Easy to customize that ggplot figure with different colors, backgrounds, etc., but hopefully this should work as a first pass.

swager commented 7 years ago

Thanks @nredell and @dswatson for the contributions! These are very nice. For the second one, it'd be interesting to understand better how these plots compare to the permutation-based ones you mentioned in #136.

dswatson commented 7 years ago

@swager Agreed! I believe randomForest generates plots for both measures by default. It would be simple to add a similar option to the function above if permutation importance were implemented.

jsrich commented 7 years ago

Thank you @dswatson and everyone for your thoughts and input. The var_imp_plot function works great.

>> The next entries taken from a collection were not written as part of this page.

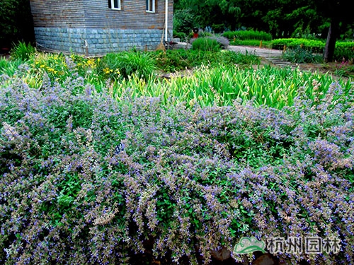 荊芥叢生狀明顯,莖葉常呈匍匐狀,花量大,色澤較淡,常出現在較古樸的花境景觀中,可用于軟化建筑、巖石、松柏等生硬的線條。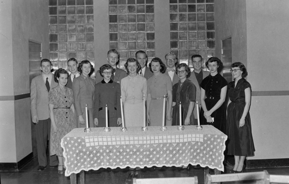 Well dressed young men and women standing behind a table on which candles are set.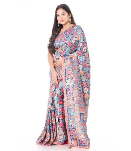 - Body: Vibrant multicolor patterns inspired by traditional Patola motifs featuring floral and geometric designs.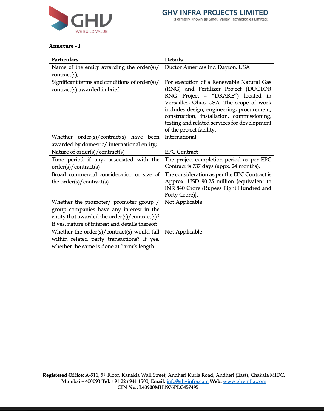 GHV Infra Projects Limited has secured an international EPC contract worth approximately ₹840 crore (USD 90.25 million) from Ductor Americas Inc. for a Renewable Natural Gas (RNG) and fertilizer project in Ohio, USA.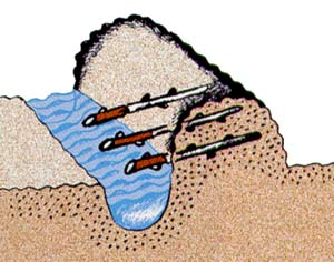 Укладываю черенки горизонтально на грядку на расстоянии 8-10 см один от другого (при меньшем расстоянии они растут хуже), чтобы один или два глазка висели над канавкой. Черенки закрываю плодородной землей слоем 15 см. В канаву ежедневно заливаю воду с таким расчетом, чтобы влага проникала под черенки - так лучше идет окоренение. Приживаемость черенков до 90%, и она повышается, если нижние концы 18-20 ч подержать в растворе Гетероауксина (одна таблетка на 1 л воды).
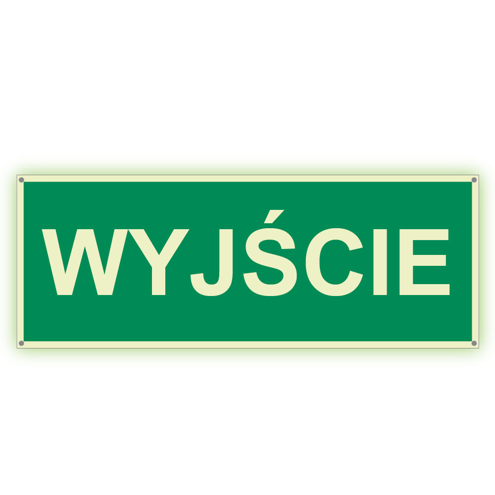 Wyjście - fotoluminescencyjny znak z dziurkami, płyta PVC 2 mm 200x75 mm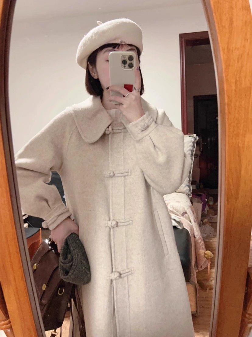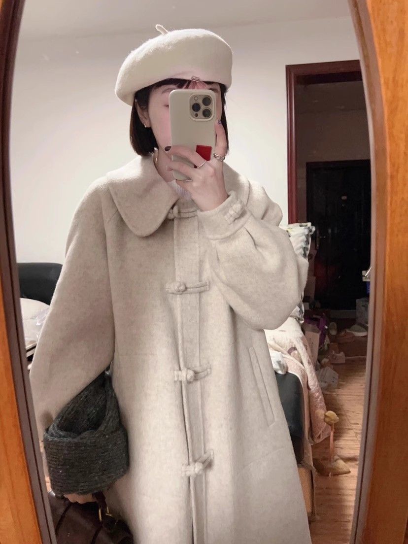 オートミールカラーカレッジスタイルコートミドル丈2025秋冬ベビーカラー冬ヘップバーン優しい小柄ウールコート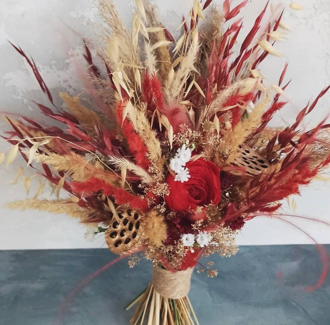 دسته گل فرمالیته تم رنگی کاهی( خام) و زرشکی گل خشک . مناسب برای عکس و کلیپ های تولد و فرمالیته عروس.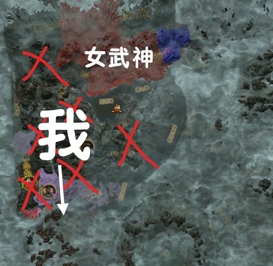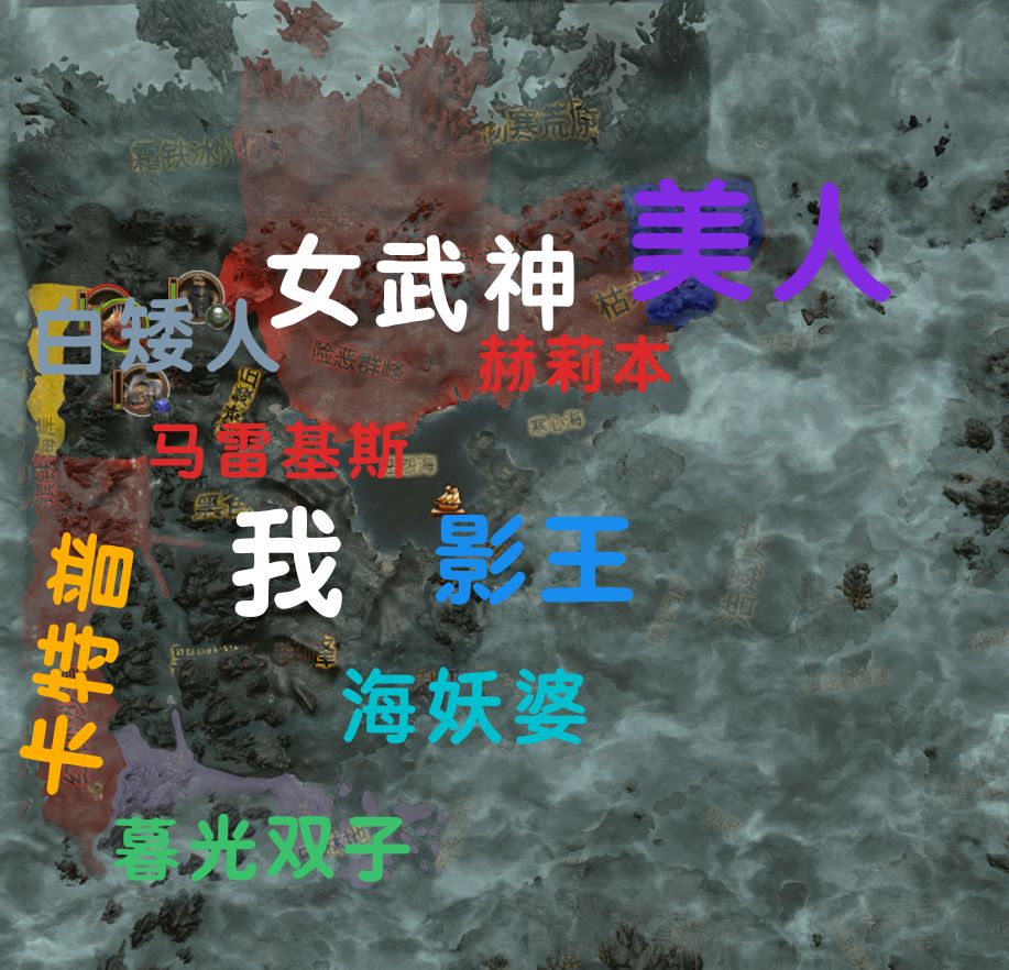 总之呢,首先消灭附近的传奇领主,比如【马雷基斯】【影王】【海妖婆】【暮光双子】【白矮人】【卡特普】等等……前中期的敌人基本就是「暗精」「高精」「木精」「矮人」「海盗」「古墓王」这些。但【女武神】会对上眼,毕竟都是恐虐,可以签不侵犯。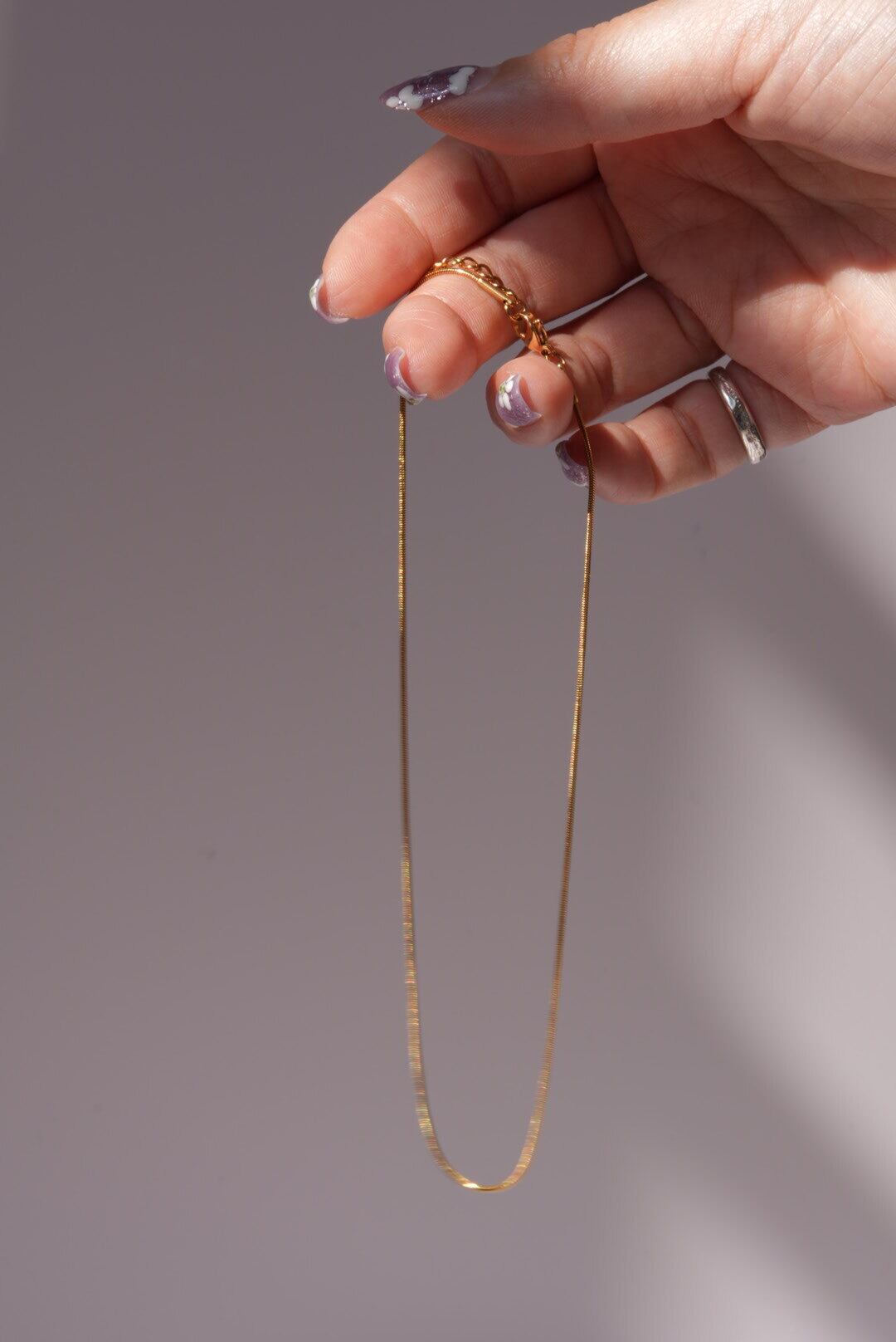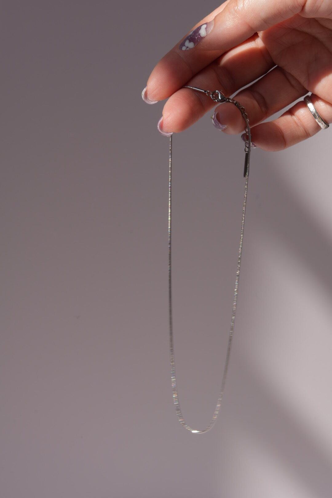 細めのデザインながらも存在感をしっかりと放つこのネックレスは、どんなシーンでもあなたの魅力を引き立てます。単体での使用はもちろん、他のネックレスとの重ね付けも簡単に楽しめるため、スタイリングの幅も広がります。

aliahmedawan commented 6 years ago

Thank you for creating this amazing package in R. I am using a dataset with categorical variables having large number of categories in them. Is there anyway to use this package with variables having large number of categories? When I input the the data with large categorical variables, I get the following error.

Error in regression_train(data$default, data$sparse, outcome.index, as.numeric(tunable.params["mtry"])

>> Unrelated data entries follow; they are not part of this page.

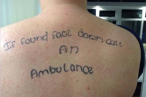 FOTO NEWS RAGAZZO UBRIACO SI RISVEGLIA IL MATTINO DOPO CON QUALCOSA IN PIU’ / LONDRA (Inghilterra) – Esagerare con l’alcol è pericoloso e può portare conseguenze più gravi di un mal di testa il giorno seguente. Ne sa qualcosa Josh, ragazzo inglese di 24 anni, che ad una festa a casa dell’amico Rob era ubriaco a tal punto da non accorgersi di essere stato denudato e, soprattutto, che gli era stato fatto un tatuaggio sulla schiena che riportava la scritta ‘Se trovato faccia a terra chiamate un’ambulanza‘ come potete vedere nella foto qui sopra. Josh se ne è accorto soltanto il mattino seguente a casa sua quando si è guardato allo specchio: la sua compagna, vedendolo, è letteralmente impazzita. Ma perché questo scherzo? Rob ha spiegato che si è trattato di una vendetta per un tatuaggio che Josh gli aveva fatto tempo prima su una gamba e che era venuto malissimo: doveva essere una lucertola e invece è venuta fuori soltanto una macchia. I due sono comunque rimasti amici, ma si sono promessi che se uno sarà ubriaco, l’altro non ne approfitterà…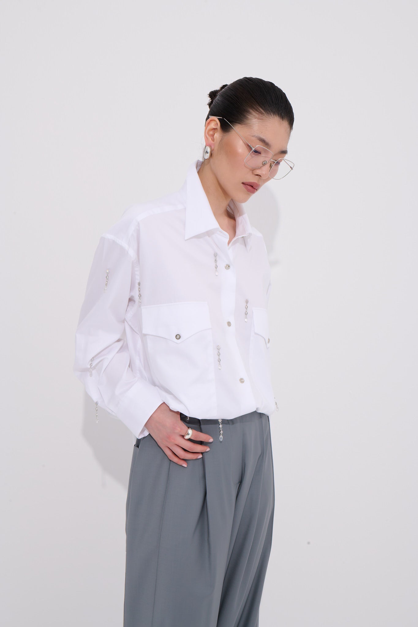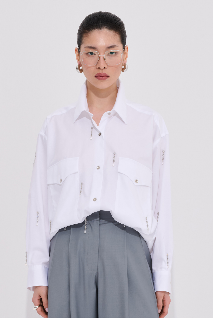 WhatIfBrand için özel olarak tasarlanan bu beyaz gömlek sade şıklığı modern detaylarla yeniden yorumlar.Swarovski taşlı kare düğmeler klasik gömlek formuna zarif ve parlak bir dokunuş katar.Net kesimi geniş cepleri ve feminen çizgileriyle iş hayatından davet stiline kadar çok yönlü bir şıklık sunar. %100 pamuktan üretilen yumuşak dokusu sayesinde gün boyu nefes alabilirlik ve konfor sağlar. Pantolonlarla zamansız eteklerle romantik bir görünüm elde etmek mümkündür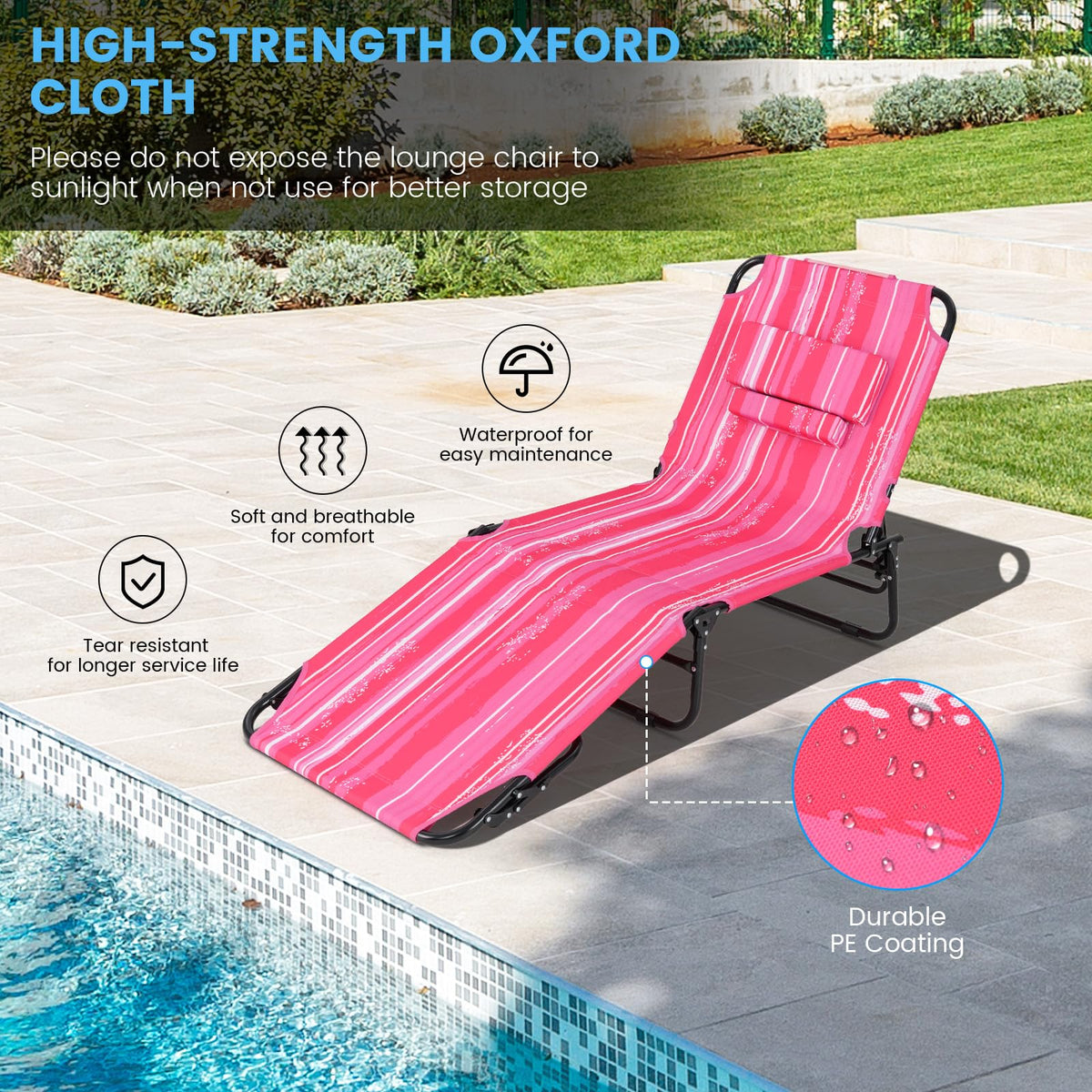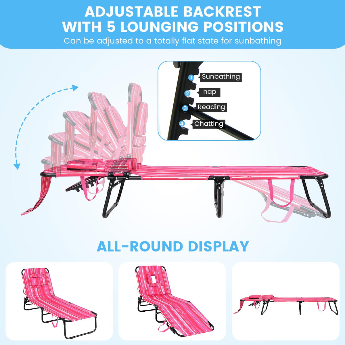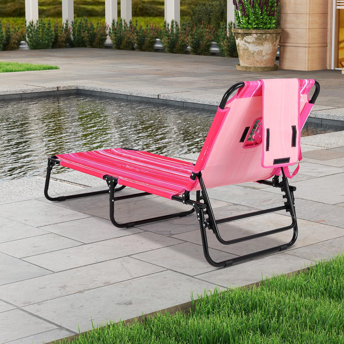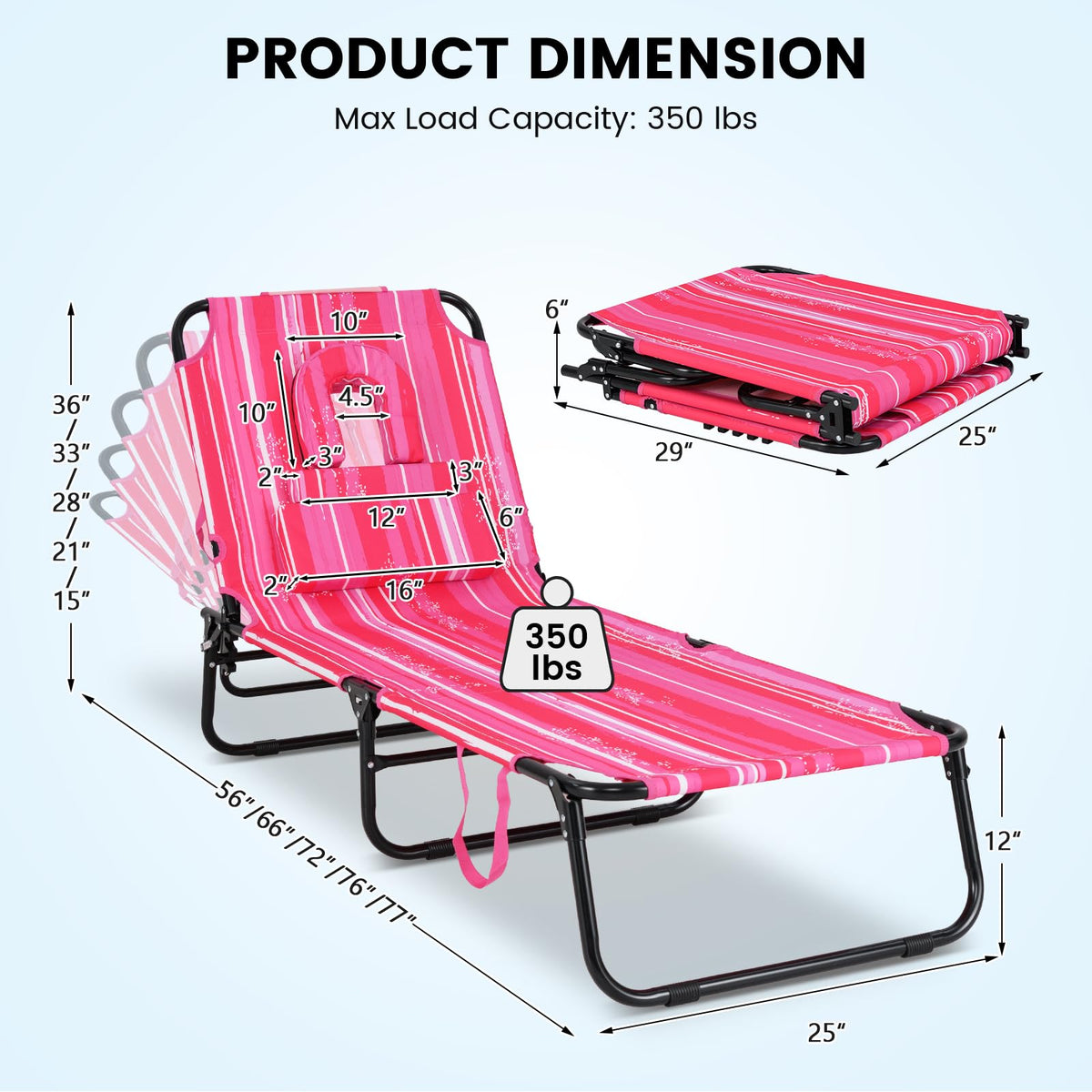 GYMAX Tanning Chair, 350lbs Beach Lounge Chair with Face Hole, Washable Pillow & Carry Strap

jtibshirani commented 6 years ago

Thanks @aliahmedawan for the question. As general guidance, it's best to open an issue if you have a new question, as opposed to commenting on an old one.

As a brief answer, we're planning to add support for categorical variables, and are tracking the issue in https://github.com/swager/grf/issues/109. In the meantime, you might try out the approach suggested in https://github.com/swager/grf/issues/27. However, since you have a large number of categorical variables, it may make sense to simply convert the categories to integers and see how the results look.

aliahmedawan commented 6 years ago

Thank you @jtibshirani I appreciate your reply. We are trying various things such using integers for categories and also grouping the categorical variables and taking averages of their outcomes. Thank you much!